Evaluating AI Tools for QA: Lessons Learned
The article discusses the author's experience in evaluating three different AI-powered tools for QA work, highlighting the successes and failures of each approach.
Why it matters
The article provides a realistic and honest assessment of the current state of AI-powered tools in the QA domain, highlighting the challenges and limitations that organizations may face when adopting these technologies.
Key Points
- 1Automatic unit test generation tool produced many passing tests but failed to catch a critical bug
- 2AI-powered visual regression tool generated too many false positives, making it unusable
- 3LLM-based bug triage assistant had decent classification but struggled with generating appropriate responses
- 4In-house AI-assisted test case generation tool proved useful, but still requires human review and refinement
Details
The article starts by recounting the author's experience with an automatic unit test generation tool that produced a high coverage report but failed to catch a critical bug in the checkout flow.
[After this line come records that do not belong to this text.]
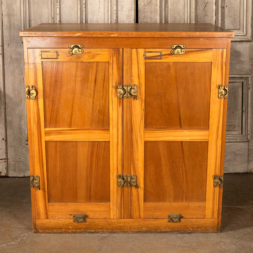 Architectural salvage vintage wood sample storage cabinet with removable fronts measuring approx. 38 5/8" wide x 40 1/8" tall x 23 1/4" front to back. There are no drawers included with this unit. See photos to evaluate condition.
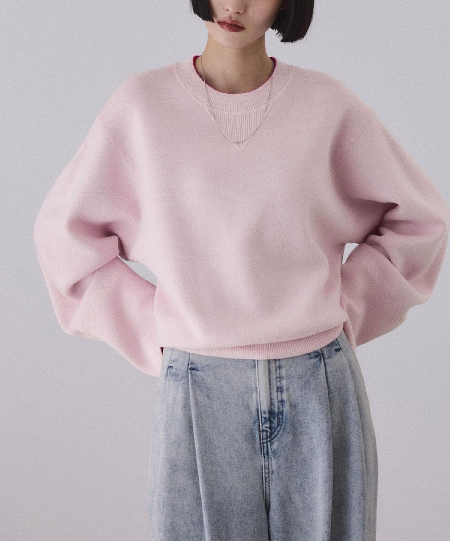 《イージーケア》表裏で表情感の異なるリバーシブルデザインが魅力。洗練された配色とディティールが美しい、汎用性の高いダンボールニットプルオーバー
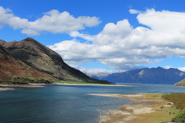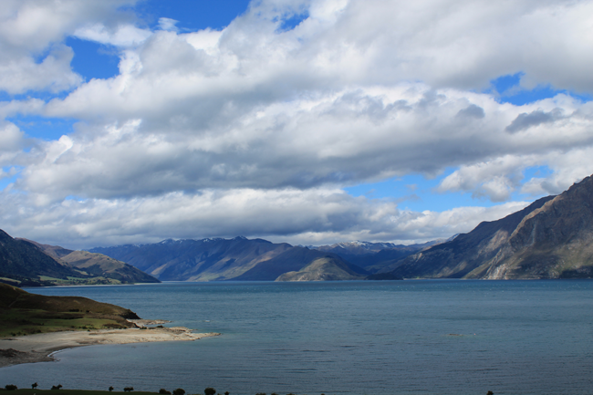 Jour 6 : Idéalement nous avions prévu de faire Fox Glacier ce jour-là. Malheureusement, à 9h nous partons sous la pluie. Nous nous arrêtons à Hokitika pour faire le plein d’essence et acheter deux bijoux en Paua alors que la ville est réputée pour la Jade!! A défaut de pouvoir découvrir le glacier, nous nous arrêtons devant un lookout pour déjeuner dans notre van. Il pleut tellement que ça ne vaut pas le coup, on en profite donc pour rouler et on décidera de s’arrêter à Wanaka. Après une recherche sur Campermate (j’y reviendrai dans un article) nous nous sommes arrêtés au Camping Aspiring Holiday Park. Le meilleur des campings que nous aurons testés pendant ce road trip. Des aménagements de qualité, des douches chaudes et propres et surtout deux SPA et un sauna. Les SPA étant disponibles nous avons profité de cet aménagement pendant 30 minutes sans que personne viennent utiliser le second. Après une journée aussi pluvieuse, ça fait du bien de se détendre avant un bon resto. Bien avant de partir, Jo avait envie d’aller à Wanaka pour manger au Bistro Gentil. Je ne vous en dit pas plus car je compte vous écrire un article sur cette adresse coup de coeur. Ce que je peux vous dire, c’est que Wanaka est surnommé et petit « Queenstown » et que cette ville a un charme fou. Un joli lac bordé de montagnes enneigées et de jolies maisons.
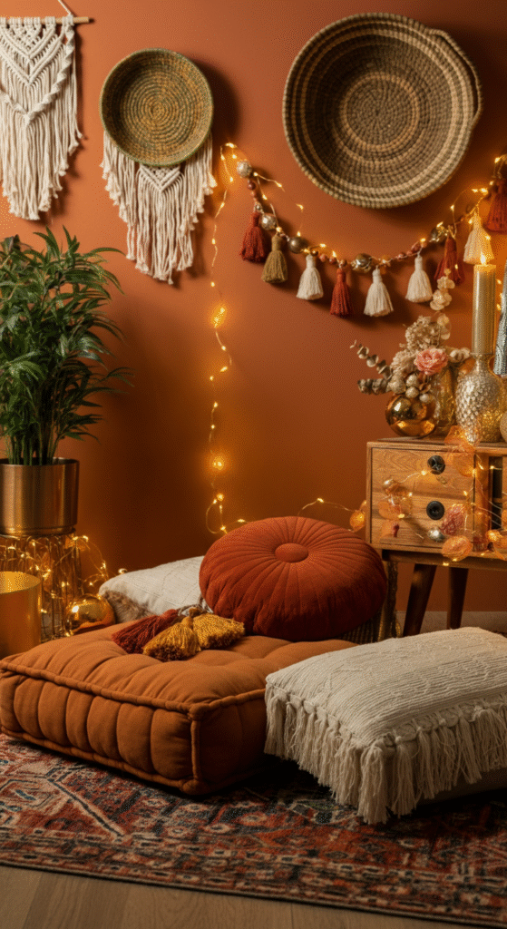 Incorporate warm tones like terracotta, mustard, and olive, paired with natural greenery. Use floor cushions and layered rugs to create a cozy, casual lounge feel.
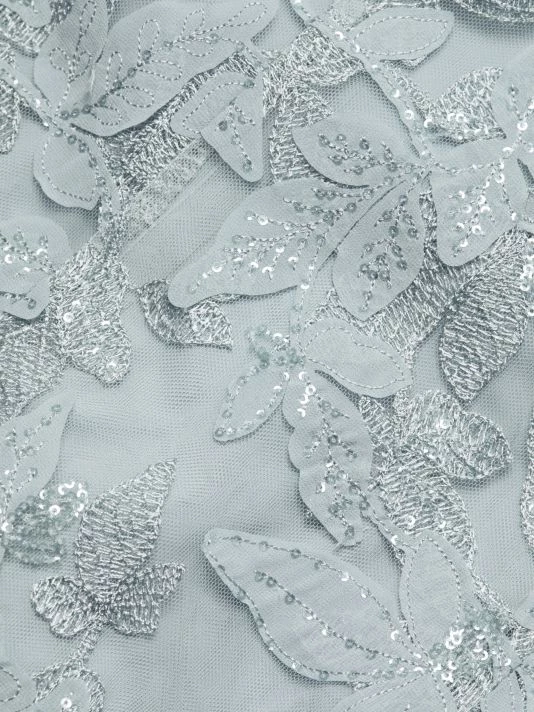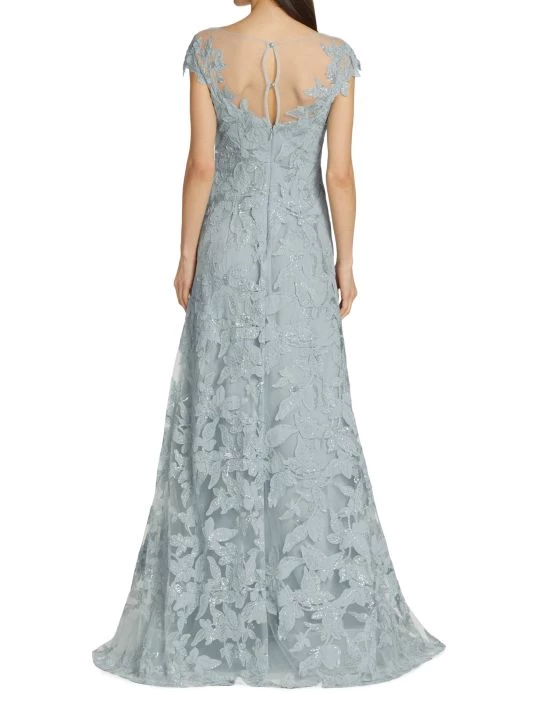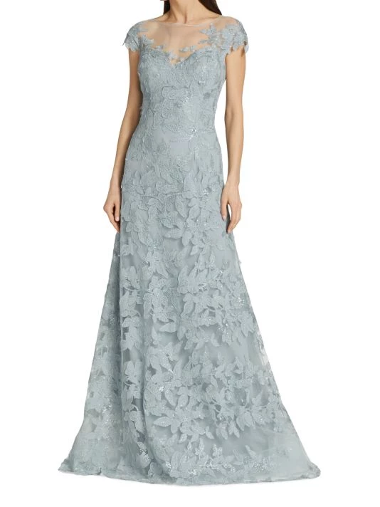This whimsical A-line gown shimmers with sequined floral appliqués throughout the design, showcasing an illusion neckline.
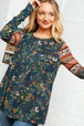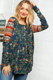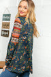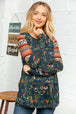 Step out in fashion this fall with this trendy ethnic sleeved babydoll top made with super soft Hacci fabric and a color block design.
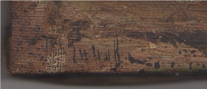 Картина досталась от бабушки. Размер 11 на 29 см Подпись под рамкой кто подскажет автора?
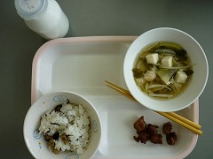 29日の給食は、ひじきご飯、麩のすまし汁、マグロの味噌がらめでした。
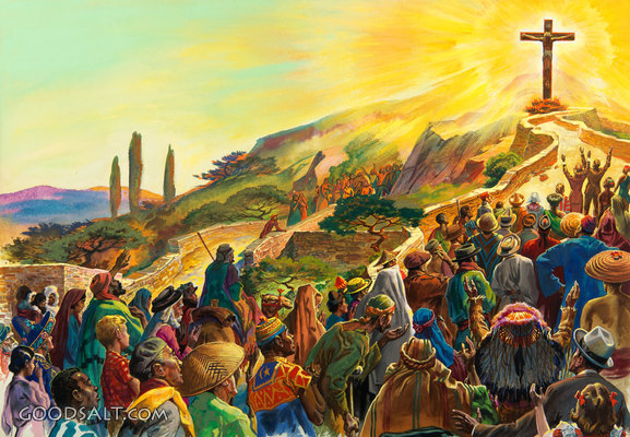 Vision Jesus Saw of Nations Viewing Jesus on Cross John 3:14 John 12:21-32 people, calvary, christ, Jesus, stone, distant, wall, cross, of, all, from, crucifixion, nations, multitudes, races, costumes, the bible story, william heaslip, rhpas0797 PROJECTION - License for PowerPoint™ PRINT – buy a print of this picture; optional frame Bible Hub |
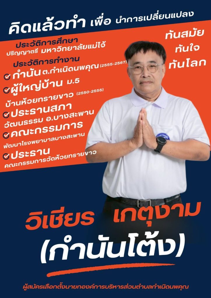 วันที่ 26 พฤศจิกายน 2568 ผู้สื่อข่าวรายงานว่าณ.ที่ตำบลกำเนิดนพคุณ – นายวิเชียร เกตุงาม หรือ “กำนันโต้ง” ประธานกลุ่ม รวมน้ำใจกำเนิดนพคุณ ประกาศความพร้อมลงสมัครรับเลือกตั้งเป็นนายกองค์การบริหารส่วนตำบลกำเนิดนพคุณ โดยมีนายประสงค์ สมทรง (นายกแป๊ะ) และทีมงานบริหารคุณภาพร่วมสนับสนุนอย่างแข็งขัน พร้อมให้คำมั่นจะเดินหน้าพัฒนาตำบลในทุกด้าน เพื่อให้ประชาชนมีคุณภาพชีวิตที่ดีขึ้นอย่างเป็นรูปธรรม
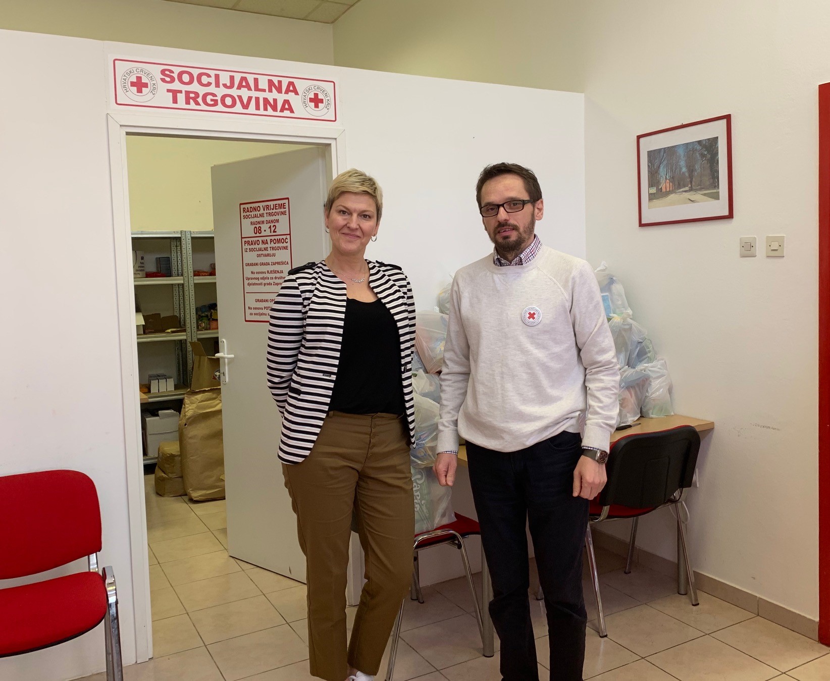 Korisnici socijalne trgovine Gradskog društva Crvenog križa Zaprešić kojih trenutno ima oko 180 dobivaju mjesečne pakete pomoći u osnovnim prehrambenim i higijenskim potrepštinama, a povodom blagdana Uskrsa i Božića uvijek korisnicima dijelimo pojačani paket koji sadrži prigodne artikle kao što su uskršnja šunka, suhomesnati proizvodi, kava, keksi i sl. rekao je Denis Ljevaković, ravnatelj Crvenog križa Zaprešić.

This led the team to try three different AI-powered tools for QA work at BetterQA. The first was an AI-powered visual regression service that initially seemed promising but ultimately generated too many false positives, making it unusable. The second was an LLM-based bug triage assistant that had decent classification but struggled with generating appropriate responses, leading the team to remove the automated response drafting feature. The one tool that proved useful was an in-house AI-assisted test case generation tool built using the Anthropic API (specifically Claude). While the generated test cases still require significant human review and refinement, the tool has saved the team hours per project by producing a first draft of the test plan much faster than a human could.